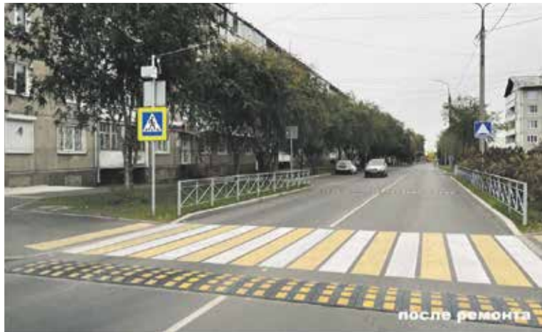
На фото — улица Ярославского (на участке от 18-го Советского переулка до улицы Баумана, 223) до и после ремонта. Благодаря нацпроекту «Безопасные качественные дороги» в этом году здесь провели комплексную работу: уложили новый асфальт, сделали ограждения, тротуары и освещение, обустроили газоны
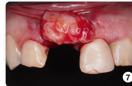
Positionierung des Transplantats
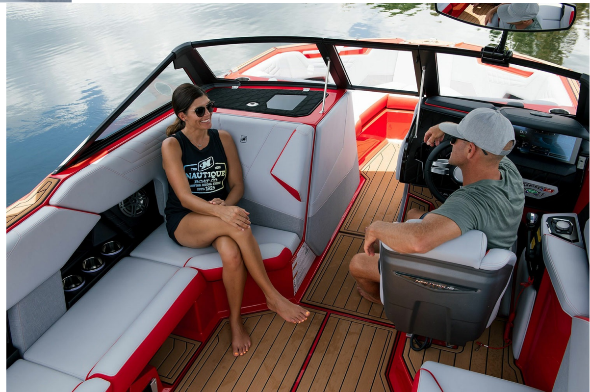
Nautique Super Air S 23
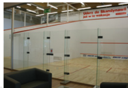
Szczecin SquashZoneClub - 4 korty
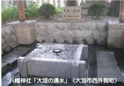
八幡神社「大垣の湧水」（大垣市西外側町）

大垣市内において、「水」に関わるフォーラムや全国大会が開催され、関係者による熱い議論が交わされ、参加者らは熱心に耳を傾けていました。
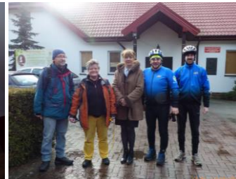
Fot. W. Gruszczyńska (tekst), Z. Szczypkowski
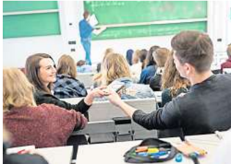
Die TH-Studierenden haben neben allgemeiner Studiensituation den Übergang in den Master und das Lehrangebot bewertet.
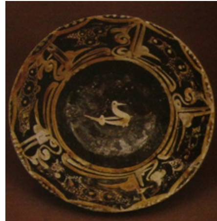
تصویر ۸. بشقاب / موزه‌ی ایران باستان / نیشابور قرن ۴ هـ.ق متن: برکه ۵ بار تکرار شده، مأخذ: (قوچانی، ۱۳۶۴: ۶۸).
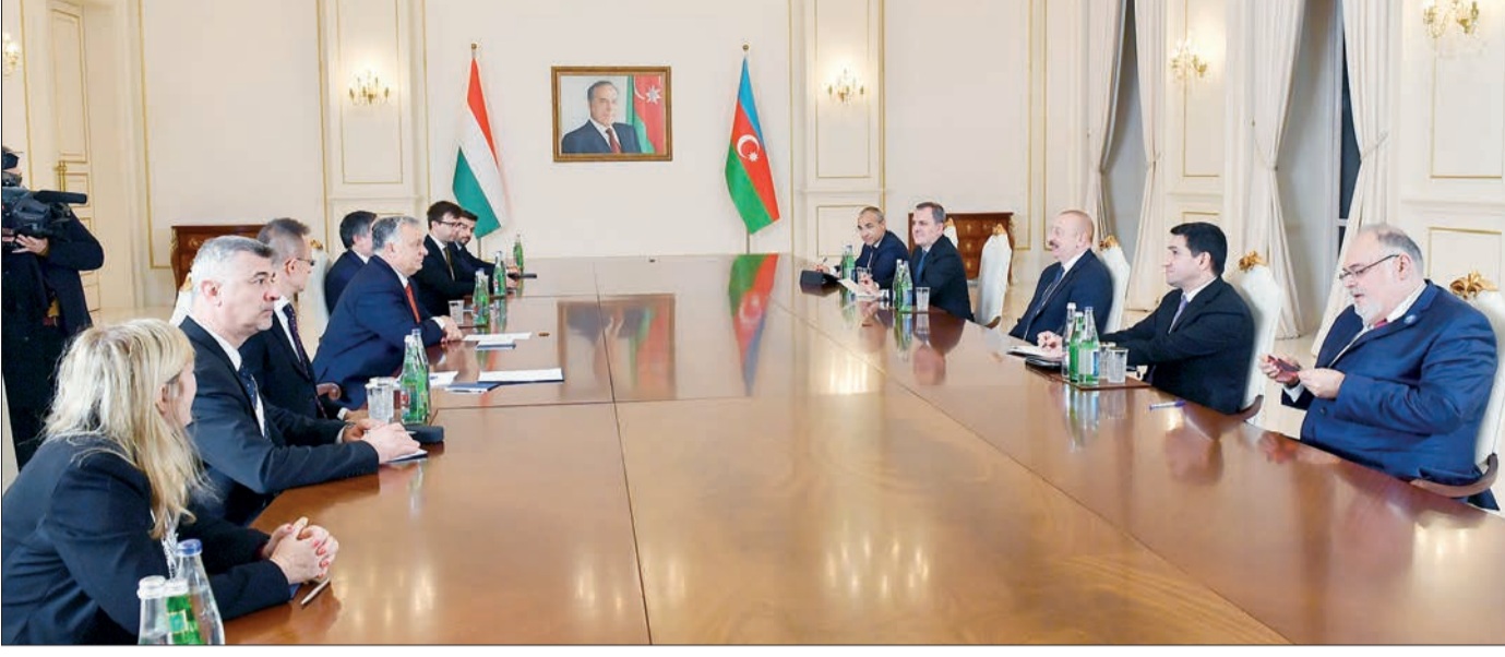
Noyabrın 23-də Azərbaycan Respublikasının Prezidenti İlham Əliyev Macarıstanın Baş naziri Viktor Orban ilə görüşüb.

Macarıstanın Baş naziri Viktor Orban SPECA-nın Zirvə görüşündə fəxri qonaq qismində iştirak üçün dəvətə görə dövlətimizin başçısına təşəkkürünü bildirdi. O, Macarıstan xalqının ən xoş arzularını və Azərbaycanın suverenliyinin bərpası, regionda vəziyyətin sabitləşməsi münasibətilə Prezident İlham Əliyevə təbriklerini çatdırdı.
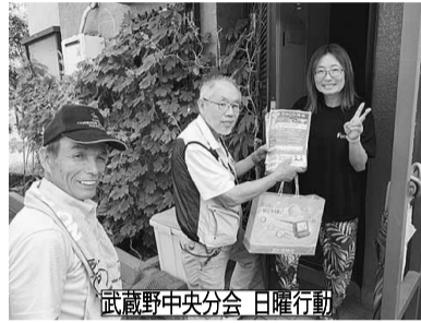
武蔵野中央分会 日曜行動
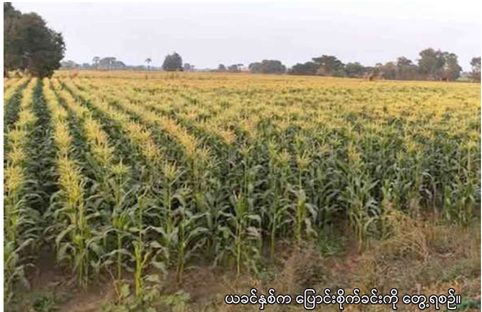
ယခင်နှစ်က ပြောင်းစိုက်ခင်းကို တွေ့ရစဉ်။

ရွှေဘို မေ ၅ စစ်ကိုင်းတိုင်းဒေသကြီး ရွှေဘိုခရိုင် ရွှေဘိုမြို့နယ်တွင် လာမည့် မိုးသီးနှံ စိုက်ပျိုးရာသီ၌ အစေ့ထုတ်ပြောင်းနှင့်ဖူးစားပြောင်း စုစုပေါင်း ၂၈၄၁ ဧက စိုက်ပျိုးမည် ဖြစ်ကြောင်း ရွှေဘိုမြို့နယ် စိုက်ပျိုးရေး ဦးစီးဌာနမှ သိရသည်။ ရွှေဘိုမြို့နယ်တွင် မိုးသီးနှံ စိုက်ပျိုးရာသီ အစေ့ထုတ်ပြောင်းနဲ့
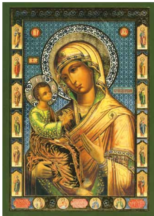
Иерусалимская икона Божией Матери

Иерусалимская икона Божией Матери, по преданию, была написана в 15-й год по Вознесении Господнем, в Гефсимании, и была первой из всех образов Богородицы, созданных святым Евангелистом Лукой. Предназначалась икона для иерусалимской общины. По некоторым свидетельствам, именно этот образ, находившийся некогда в храме Воскресения Христова в Иерусалиме, явился той чудотворной иконой Богородицы, от которой изшел глас к преподобной Марии Египетской, обративший ее от греховного пути.
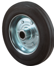
Vollgummi • geräuscharmer Lauf • bodenschonend • stoßfest • vibrationsdämpfend
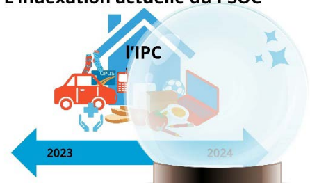
L'indexation actuelle du PSOC

En effet, le MSSS indexe les subventions OCASSS à partir d'une projection établie par le ministère des Finances, combinant Indice des prix à la consommation (IPC) de l'année suivante à celui de l'année écoulée 10 . Cette façon de faire est problématique, car elle ne tient pas compte du portrait des dépenses des OCASSS, puisqu'ils ne sont pas des ménages, en plus de découler de prédictions politiques des économistes du gouvernement. L'indexation des subventions sur ces bases cause l'appauvrissement des groupes, ce qui compromet leur capacité d'action auprès de leurs communautés.
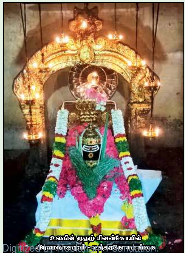
உலகின் முதற் சிவன்கோயில்

இறைவன் விரும்புவது தூய உள்ளத்தையே எனக் கூறுகின்றார். மனக் கோயிலில் எழுந்தருளியவன் அருளும் பாலிக்க வேண்டுமன்றோ? அம்மனிதனை பக்குவப்படுத்தி கடைத்தேற்றி அங்கேயே இரண்டறக் கலந்து நிலைப்பான். இவ்வாறு வாதவூர் மனதுட் பிரவேசித்து அவருடலை இடமாகக் கொண்டு இறைவன் எழுந்தருள்பாலிக்கின்றான் என பறைசாற்றி செல்கின்றார். அதனை அம்மானையிலே

====================

→ **TASK DETAILS**
Give the count of lines in the listing that hold the word "икона", and nothing else.

→ **ANSWER SECTION**
2